With pictures excluded, copy word for word the lines in the data below from the line containing "对于根管治疗和种植的功能项,可以直接通过" through the line containing "打开Excel工作表,设置表格内容分页显示。".

== Extracted data

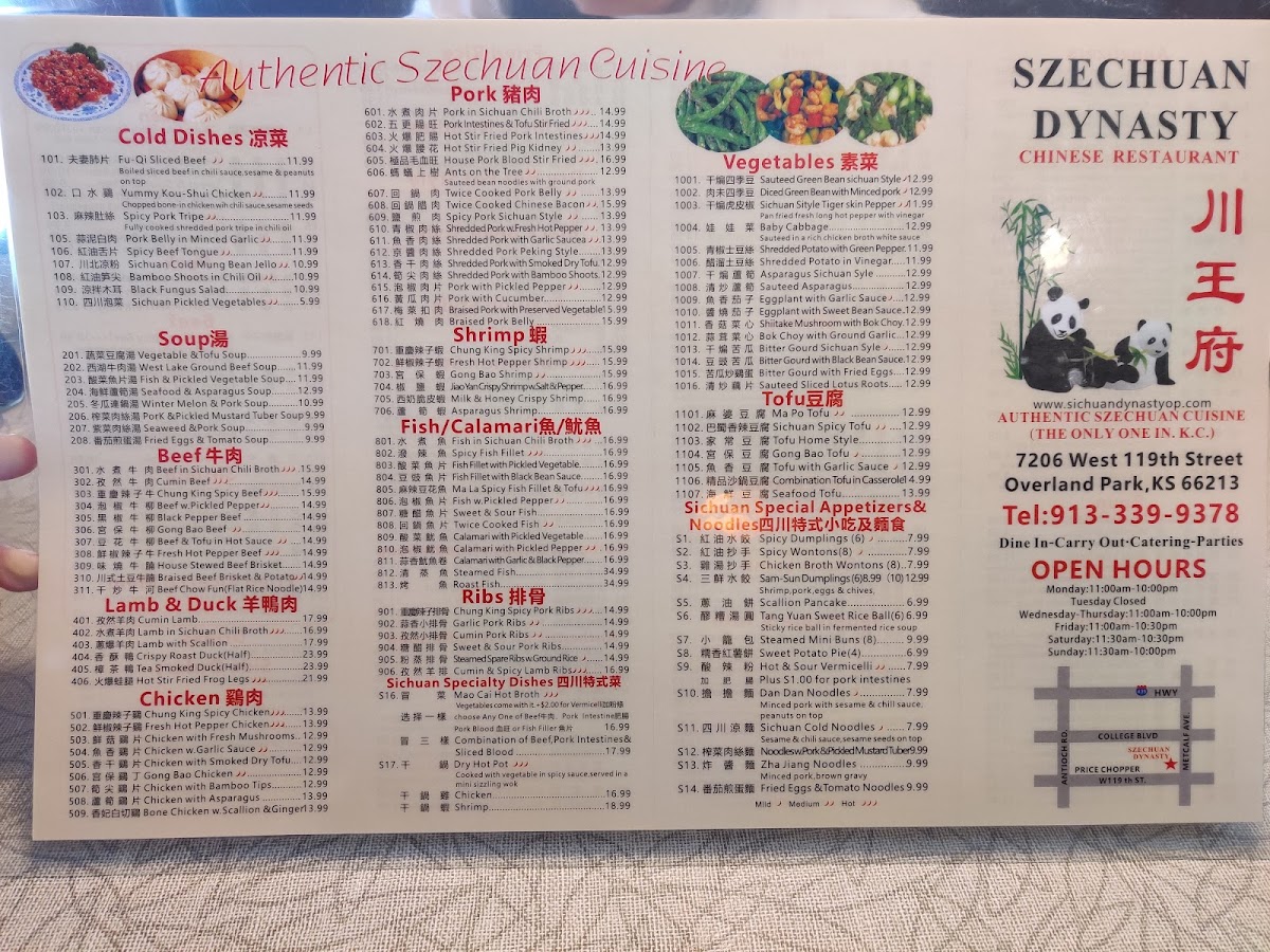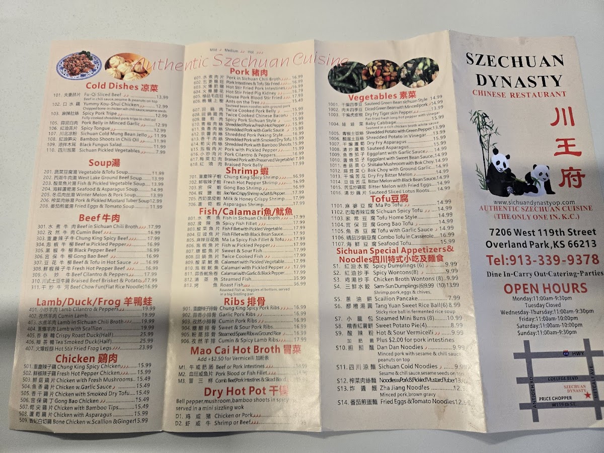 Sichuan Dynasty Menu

====
== Extracted data

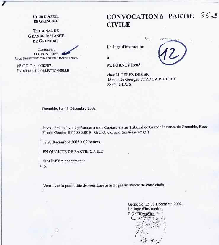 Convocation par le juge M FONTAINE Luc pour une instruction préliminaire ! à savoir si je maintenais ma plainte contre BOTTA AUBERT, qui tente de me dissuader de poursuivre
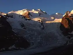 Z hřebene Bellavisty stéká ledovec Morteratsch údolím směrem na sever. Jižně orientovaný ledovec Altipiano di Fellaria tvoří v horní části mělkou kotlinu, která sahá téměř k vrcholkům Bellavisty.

====
== Extracted data

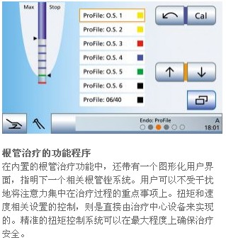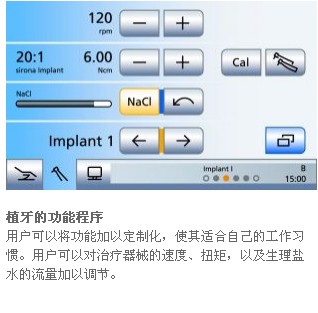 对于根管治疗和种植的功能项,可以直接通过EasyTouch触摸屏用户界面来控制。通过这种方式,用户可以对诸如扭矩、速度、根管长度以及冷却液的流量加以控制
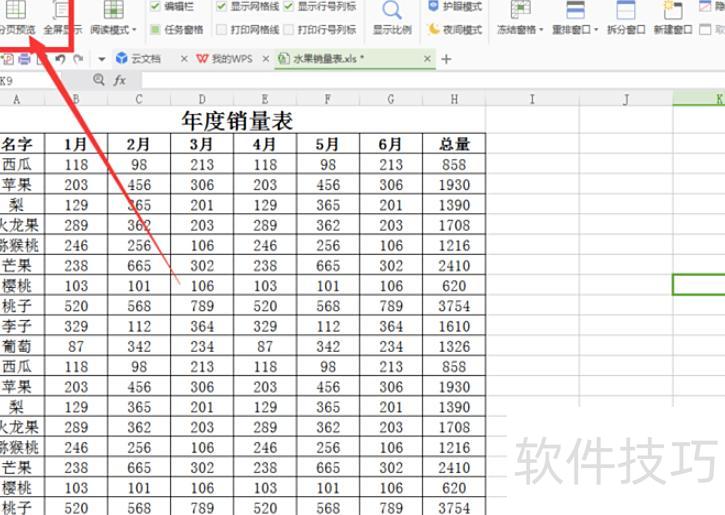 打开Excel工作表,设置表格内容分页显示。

====

— Solution for this problem —
 对于根管治疗和种植的功能项,可以直接通过EasyTouch触摸屏用户界面来控制。通过这种方式,用户可以对诸如扭矩、速度、根管长度以及冷却液的流量加以控制
 打开Excel工作表,设置表格内容分页显示。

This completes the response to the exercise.